Alexandria, Va., (USTCNS) --- The Military Traffic Management Command continues to handle Marine equipment returning from Operation Iraqi Freedom through the State Port at Wilmington, N.C.

The USNS Brittin arrived at the port Thursday and the command’s 1192nd Transportation Terminal Brigade, an Army Reserve unit from New Orleans, oversaw the off-loading.

The Brittin, a Military Sealift Command large, medium speed, roll on/roll off vessel, is the second in a series of ships scheduled to bring Marine Corps equipment home, said Jay Stoltz, a Transportation Specialist with MTMC’s 597th Transportation Group headquartered at Southport, N.C.

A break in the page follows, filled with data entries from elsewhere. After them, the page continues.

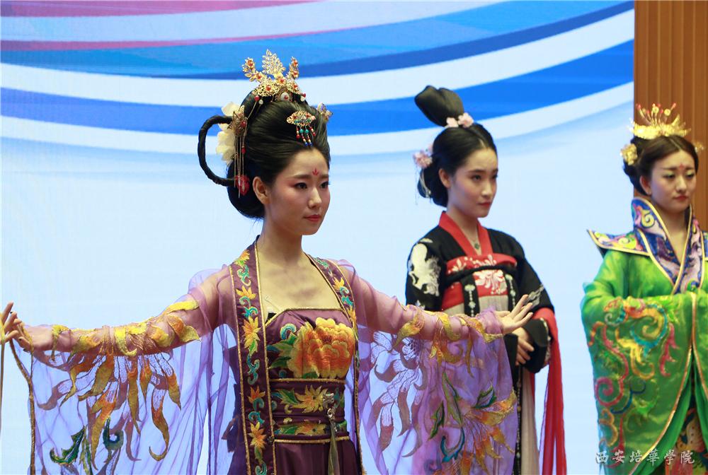 参与本次活动的专家教授为大家带来了一系列精彩讲座,韩国韩南大学金貞鎬教授讲述《通过兴德王的服饰禁制了解新罗时期的服饰》,西安培华学院李媛教授讲述《隋唐盛世的华丽风尚》,韩国韩南大学李美?教授讲述《在隍城洞,龙江洞古墓出土陶俑中出现的统一新罗服饰》,西安培华学院牛菲教授讲述《唐代服饰元素在现代设计中的应用》。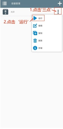 回到容器管理界面,找到刚才配置好的容器,点击其右侧的三点图标,在弹出的选项菜单里选择【运行】按钮。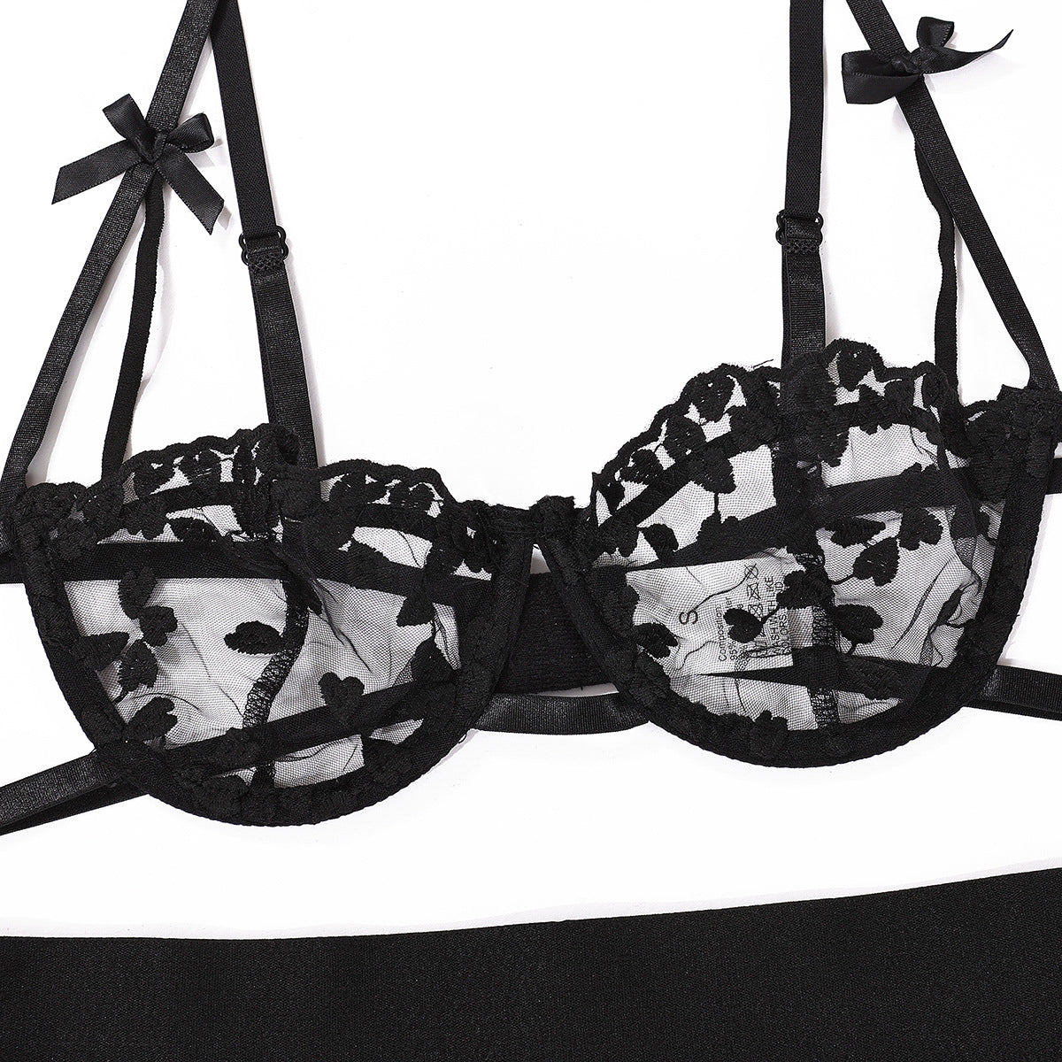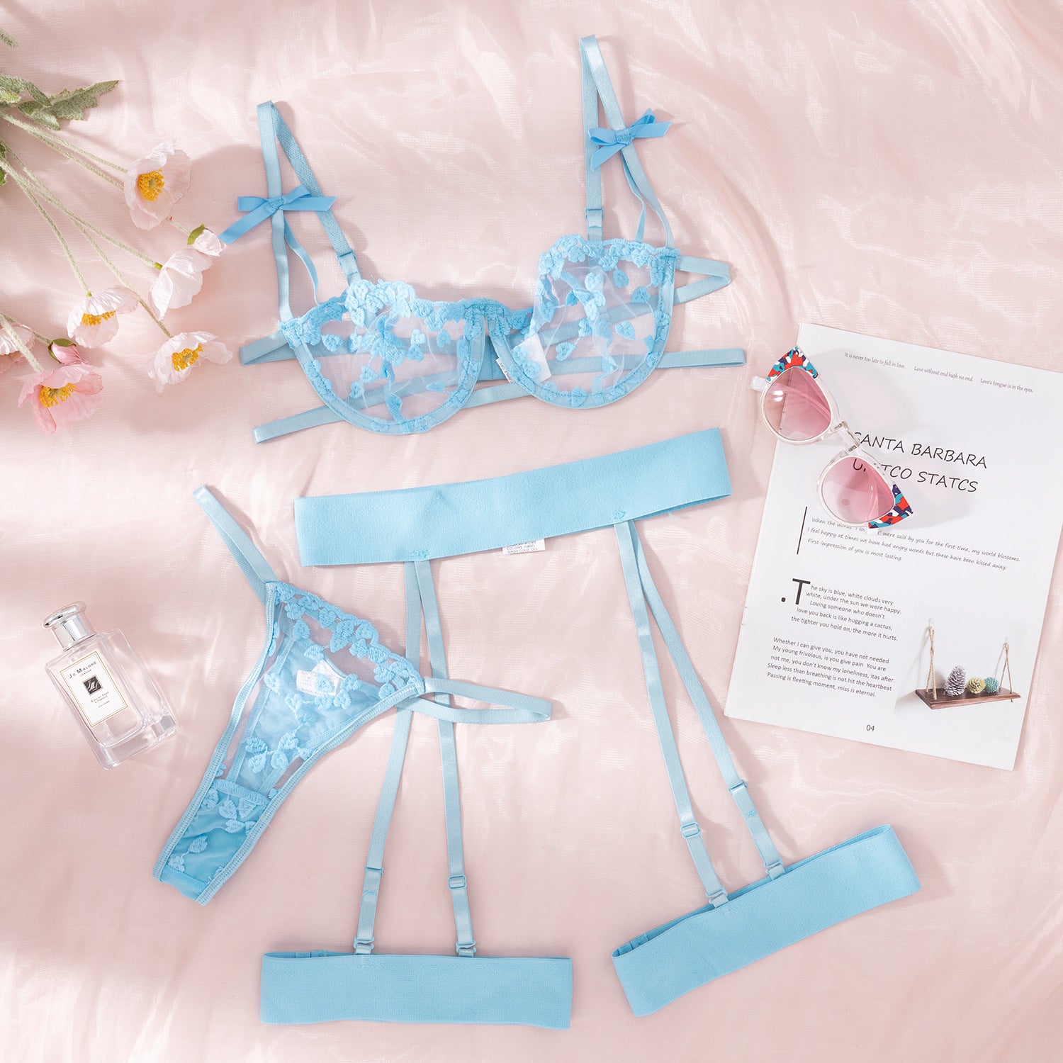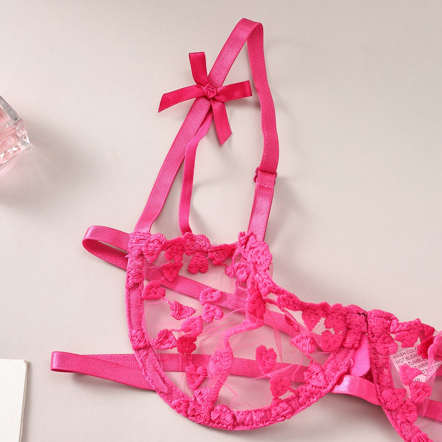 Komplet bielizny z kokardkami to połączenie praktyczności i estetyki. Wykonany z materiałów wysokiej jakości, zapewnia optymalne dopasowanie do ciała, co podkreśla naturalne kształty sylwetki. Elementy z delikatnej koronki oraz starannie wykonane kokardki dodają uroku i elegancji. Konstrukcja zestawu gwarantuje komfort noszenia przez cały dzień, a subtelne detale nadają mu unikalnego charakteru. Doskonale sprawdzi się zarówno na co dzień, jak i na specjalne okazje, stanowiąc harmonijną całość w garderobie.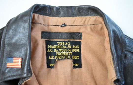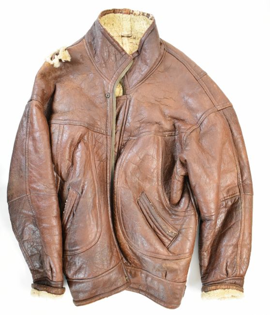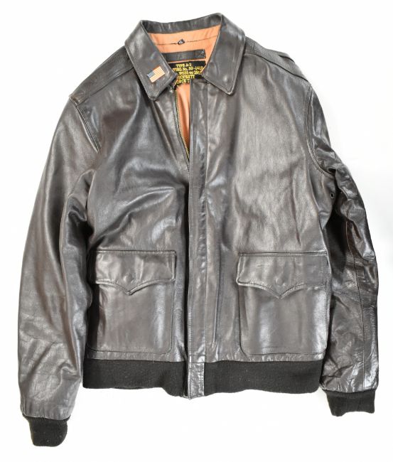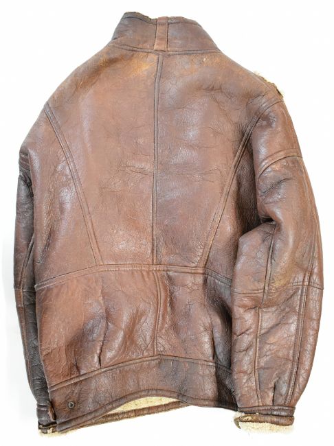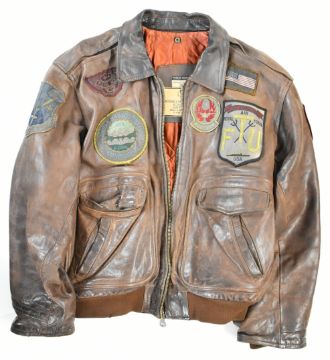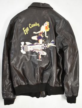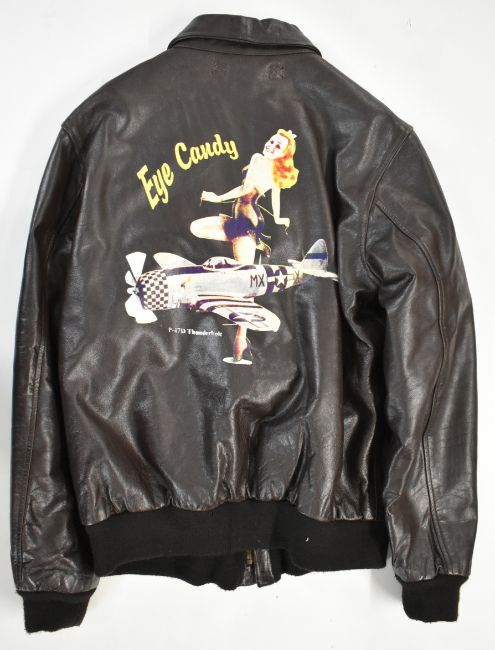 Three re-enactment leather full zip jackets comprising two US Air Force examples (XL) with patches and insignia, the other plain with fur lining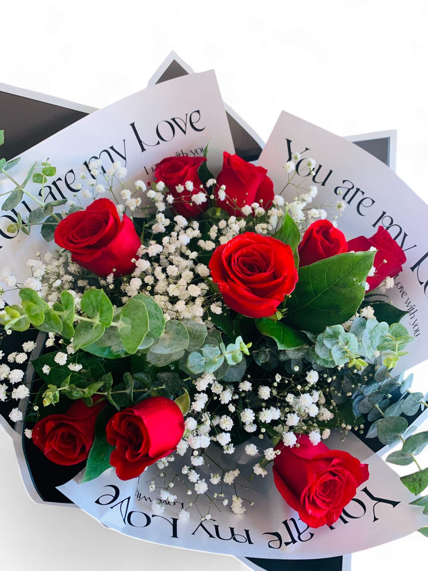 - Elegance in Every Detail: The bouquet is beautifully enhanced with delicate filler flowers, adding texture and depth. These tiny white blossoms create a dreamy contrast with the vibrant roses, evoking purity and charm.

The Brittin carried about 1500 pieces of equipment belonging to various Marine and Navy units, said Maj. David Wortmann, an Operations Officer with the 1192nd.

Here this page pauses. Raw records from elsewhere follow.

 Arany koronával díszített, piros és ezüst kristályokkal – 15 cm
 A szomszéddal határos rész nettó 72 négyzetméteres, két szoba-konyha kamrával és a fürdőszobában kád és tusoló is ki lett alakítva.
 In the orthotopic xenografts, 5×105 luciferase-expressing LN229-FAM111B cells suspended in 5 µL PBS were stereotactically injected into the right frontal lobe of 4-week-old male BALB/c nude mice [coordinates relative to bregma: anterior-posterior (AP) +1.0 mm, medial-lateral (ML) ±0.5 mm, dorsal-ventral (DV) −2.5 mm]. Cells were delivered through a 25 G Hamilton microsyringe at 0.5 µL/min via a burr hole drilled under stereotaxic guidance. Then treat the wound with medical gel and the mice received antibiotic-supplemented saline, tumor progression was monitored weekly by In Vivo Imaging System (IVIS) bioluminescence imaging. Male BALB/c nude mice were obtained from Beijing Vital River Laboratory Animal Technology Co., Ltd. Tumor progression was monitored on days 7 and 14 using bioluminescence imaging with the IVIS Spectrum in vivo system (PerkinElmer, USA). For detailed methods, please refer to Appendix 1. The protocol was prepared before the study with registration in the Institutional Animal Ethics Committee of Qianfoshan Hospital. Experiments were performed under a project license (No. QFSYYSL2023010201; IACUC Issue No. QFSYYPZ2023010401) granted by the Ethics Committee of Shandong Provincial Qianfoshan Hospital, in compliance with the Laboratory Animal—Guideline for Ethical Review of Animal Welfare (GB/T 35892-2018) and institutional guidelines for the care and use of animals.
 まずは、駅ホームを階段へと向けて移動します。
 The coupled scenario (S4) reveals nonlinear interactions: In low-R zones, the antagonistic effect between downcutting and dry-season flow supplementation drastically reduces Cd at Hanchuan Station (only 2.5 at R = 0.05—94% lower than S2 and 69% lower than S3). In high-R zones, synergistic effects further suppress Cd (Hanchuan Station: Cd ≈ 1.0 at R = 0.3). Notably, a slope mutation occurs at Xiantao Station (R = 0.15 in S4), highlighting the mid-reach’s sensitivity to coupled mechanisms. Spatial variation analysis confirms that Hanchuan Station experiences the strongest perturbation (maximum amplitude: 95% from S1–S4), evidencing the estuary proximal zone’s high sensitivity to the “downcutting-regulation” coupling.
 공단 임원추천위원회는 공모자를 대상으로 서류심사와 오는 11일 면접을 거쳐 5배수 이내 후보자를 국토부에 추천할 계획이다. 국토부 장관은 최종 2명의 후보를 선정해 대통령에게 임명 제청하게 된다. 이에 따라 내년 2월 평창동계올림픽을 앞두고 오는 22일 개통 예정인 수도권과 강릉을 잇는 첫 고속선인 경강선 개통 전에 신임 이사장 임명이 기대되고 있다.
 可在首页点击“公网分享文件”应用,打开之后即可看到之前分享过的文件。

Receiving equipment returning from an operation differs only slightly from sending it out, said Wortmann, however, there is a lot more pressure on the supported unit and the transporters in the deployment phase.

“We’re going to get everything off the ship quickly and safely,” said Sgt. John Nicholas of the 1173rd Transportation Terminal Brigade, another reserve unit from Brockton, Mass.

Nicholas and other members of the 1173rd were at the port to support the 1192nd mission.

Discharging the vessel went according to plan, said Stoltz, however there were some challenges.

The main difficulty was the state of the equipment, said Sgt. First Class Anthony Cole of the 1192nd.

“Some of this stuff is broken, which is to be expected considering what it has been through,” he said.

Marine and Navy maintenance troops were on the vessel fixing what they could, said Lance Cpl. Nicholas Tyler of the Marine Corps’ 2nd Transportation Support Battalion.

Equipment too badly damaged or that could not be fixed quickly was towed off the vessel, and arrangements were made to haul it by commercial truck carrier to its home station, said Cole.

Despite the damaged equipment, discharge operations generally move faster than loading operations, said Stoltz.

“What we’re doing is taking someone else’s stow plan and reversing the process,” he said.

After the equipment is removed from the vessel and documented, the units arrange to drive or work with MTMC to ship it by commercial carrier to its home station, said Wortmann.